Newspapers told a different story, particularly the New York Evening Journal, a Hearst afternoon publication that sought out and gave prominence to white men and women assaulted by Black men. The most sensational and racist example of that emphasis was a story by Richard Levitt published under the page-spanning headline, “Kill the Whites Roar Maddened Harlem Mobs.” It was more a litany of racist fears and stereotypes than an account of the events of the disorder, with the phrase "kill the whites" used as a refrain to separate different elements of the story not in descriptions of specific events. In none of instances was the alleged call associated with the events being described. Invoking Black violence, or fears of Black violence, was a longstanding racist trope, employed in white narratives about the race riots of the late nineteenth and early twentieth centuries. Only two specific cases that include such threats were reported in the newspaper. A call to “Kill him” is attributed to a crowd of Black men and women that the New York Evening Journal described threatening B. Z. Kondoul, a thirty-five-year-old white man. Again, only one story mentioned that detail. So too the alleged assault on Betty Willcox, as she waited in a parked car. The story that quoted Willcox appeared alongside Levitt's article. The Black men she described surrounding the car screamed "White- we'll get you' We'll get all of them around here!"
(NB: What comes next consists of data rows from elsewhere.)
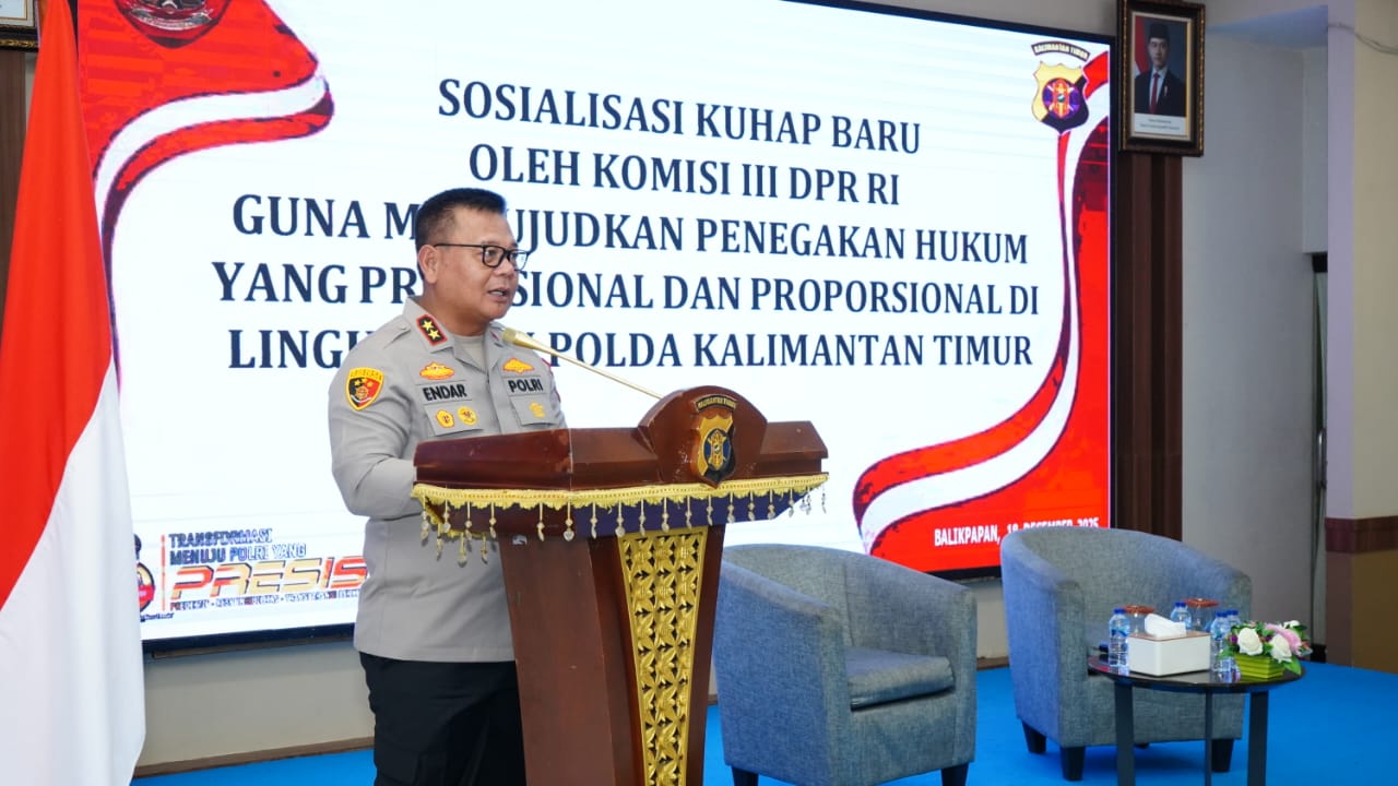 Kegiatan sosialisasi ini dihadiri oleh Kapolda Kaltim Irjen Pol. Endar Priantoro, S.H., S.I.K., C.F.E., M.H., didampingi oleh Wakapolda Kaltim Brigjen Pol Dr. H. M. Sabilul Alif, S.H., S.I.K., M.Si., dan para Pejabat Utama Polda Kaltim.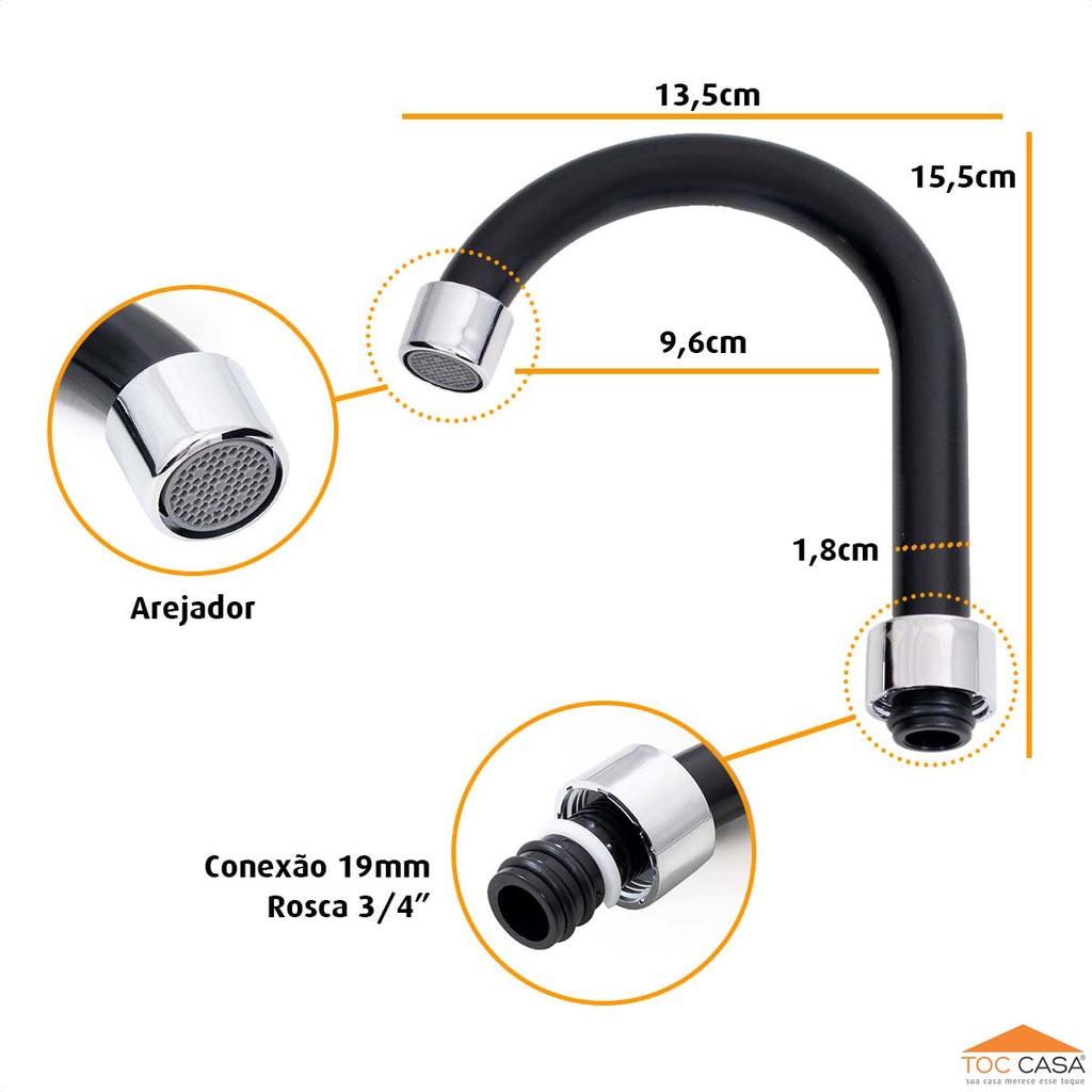 Tubo Bica 3/4 P/ Torneira Lavatório Abs Preto Arejador Fixo está em espera e será enviado assim que estiver de volta em estoque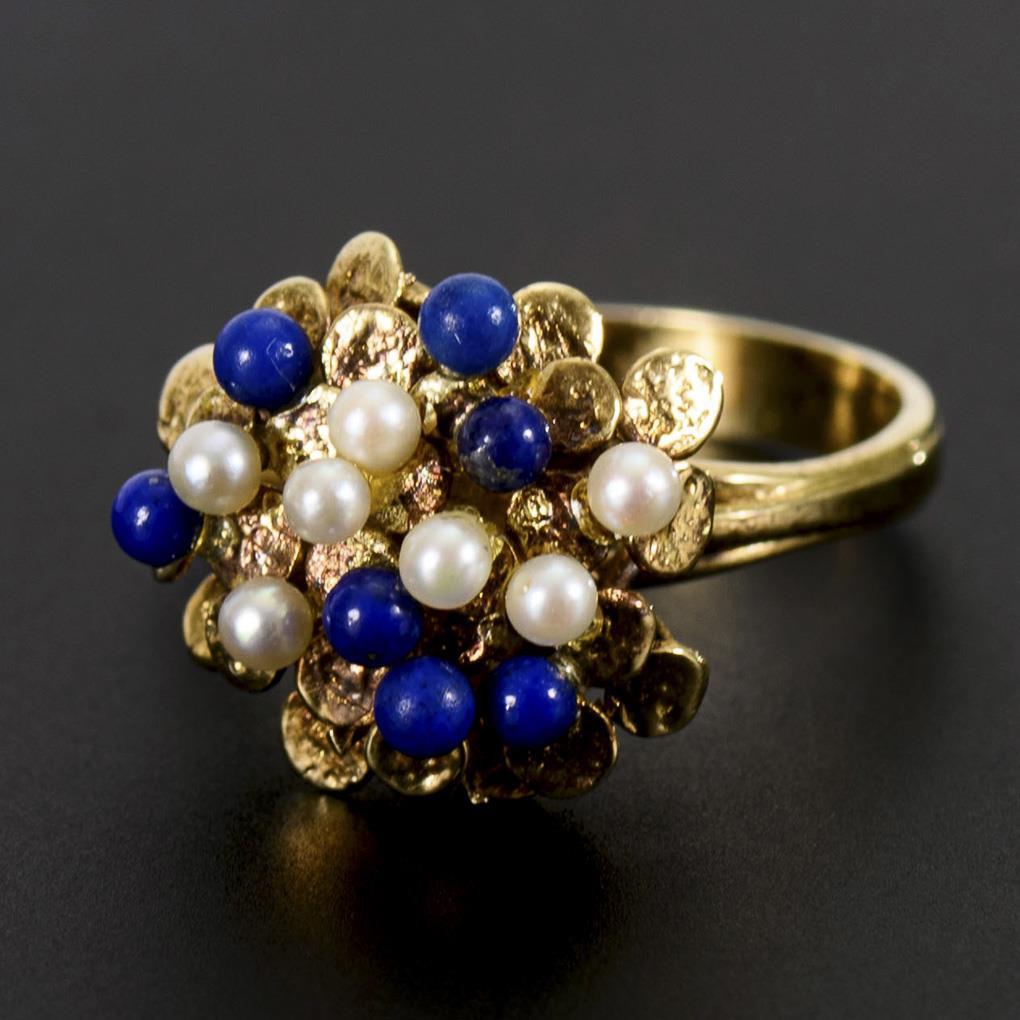 Plastischer Ringkopf, besetzt mit 7 kleinen Lapiskugeln und 7 Zuchtperlchen. Mittlere Schiene.
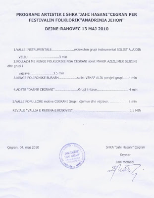 1. Festivali Anadrinia Jehon ka marre permasa kombetare me pjesemarrjen e grupeve te ndryshme te folklorit dhe madheshtin po e arrit gjithashtu pjesmarrja e banoreve te Dejnit ne percjelljen e festivalit.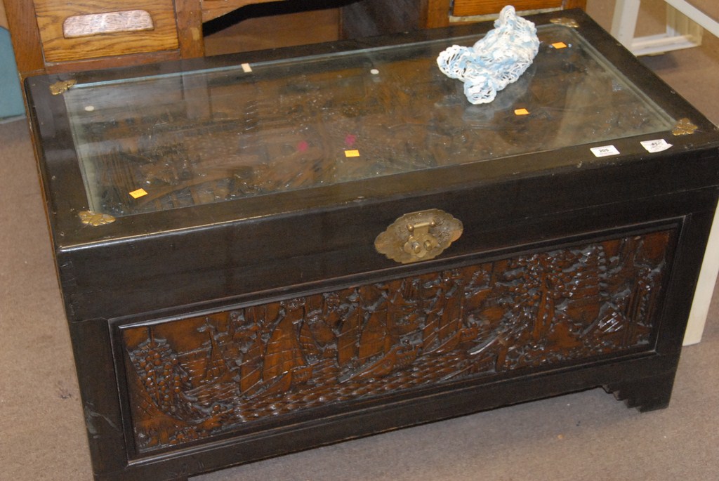 Three piece lot Chinese carved camphorwood lift top chest.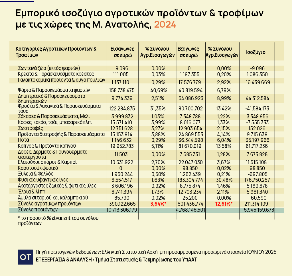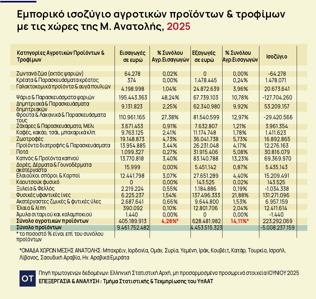 Σύμφωνα με τα στοιχεία της ΕΛΣΤΑΤ, το 2025 οι ελληνικές εξαγωγές αγροτικών προϊόντων και τροφίμων προς τις χώρες της περιοχής έφτασαν τα 628,4 εκατ. ευρώ, ενώ οι εισαγωγές διαμορφώθηκαν στα 405,1 εκατ. ευρώ, δημιουργώντας πλεόνασμα άνω των 223 εκατ. ευρώ.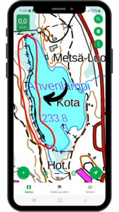 Karttaselaimen Plus-versio soveltuu kalapaikkojen kartoittamiseen hyvin. Ensimmäiseksi etsitään kohdejärvi näytölle. Jos asia ei muuten onnistu, niin nimihaulla ainakin saa vesistön esiin. Karttakuvista löytyvät polku-urat ja mahdolliset sopivat parkkipaikat. Joskus parkkipaikka voi näkyä pelkästään satelliittikuvassa. Korkeuskäyrät antavat vihiä, kuinka rannat jatkuvat veden alle, jos syvyyskäyriä ei ole tarjolla. Jos vesistöstä on olemassa syvyyskäyrät, ne näkyvät valitsemalla syvyyskäyrät Karttaselain sovelluksesta tai selainversiosta.
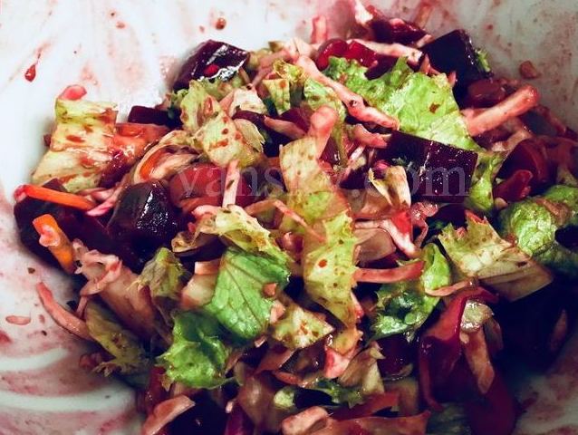 晚上到家,一大碗“甜菜根沙拉”放在厨房。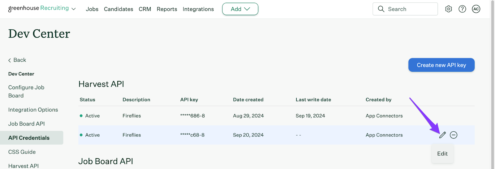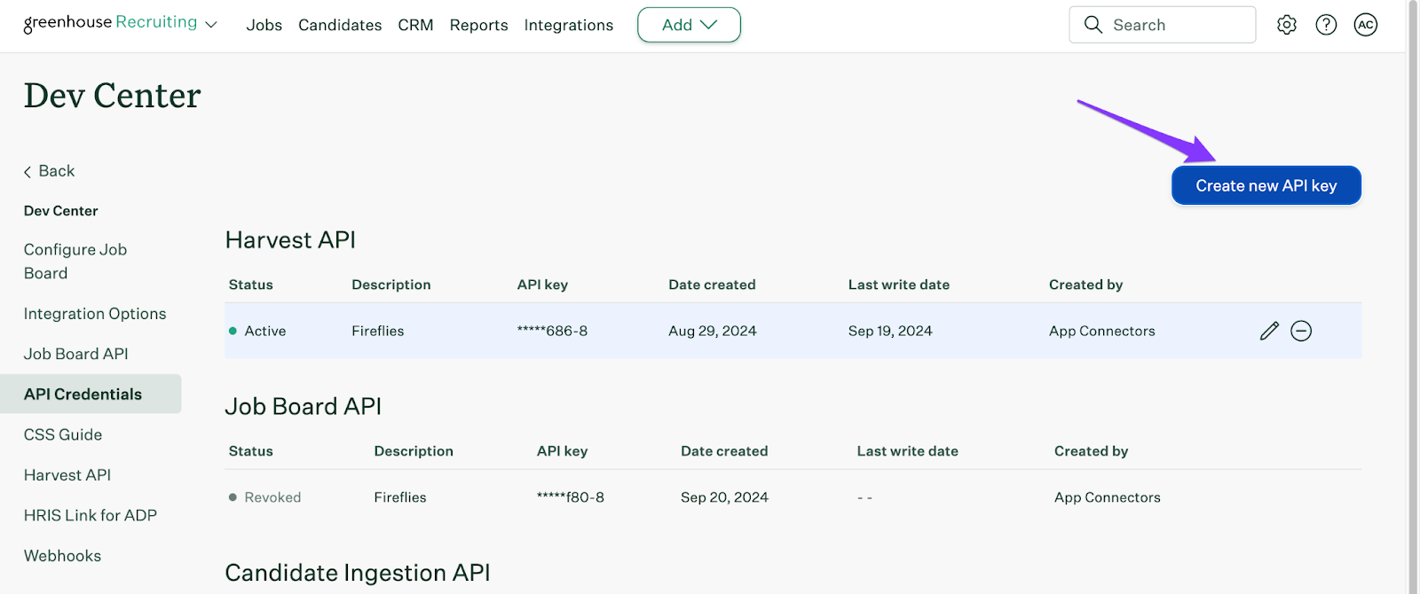 - Once you click connect, you will need to enter the Harvest API key and User ID from the Greenhouse dashboard. Here’s how to do that:

While the New York Evening Journal slanted its coverage to emphasize interracial violence, there was other evidence for all but four of the incidents that it reported. Other white publications reported that violence more sporadically, while the Black press generally did not report it at all. At the other end of the political spectrum, the Daily Worker dismissed the claims of the Hearst press that the disorder had been a race riot and gave credit to Communists on the streets and the leaflets they and the Young Liberators distributed for urging the "unity of black and white workers." However, the radical newspaper obliquely allowed that attacks on whites did take place: "In a few instances where small turbulent groups were suspicious of whites and disposed to attack them, white Communists were pointedly excluded from attack." Several papers reported clashes between bands of Blacks and whites, in line with patterns from earlier racial disorders, but none offered details and there are no reports of blacks injured in those circumstances. Those claims appeared to reflect tropes about racial violence not descriptions of events during the disorder. Violence against whites took place throughout the disorder and across a wide area centered on 125th Street. Assaults on whites are thus woven into the disorder not so marginal as to distinguish the disorder from outbreaks earlier in the century.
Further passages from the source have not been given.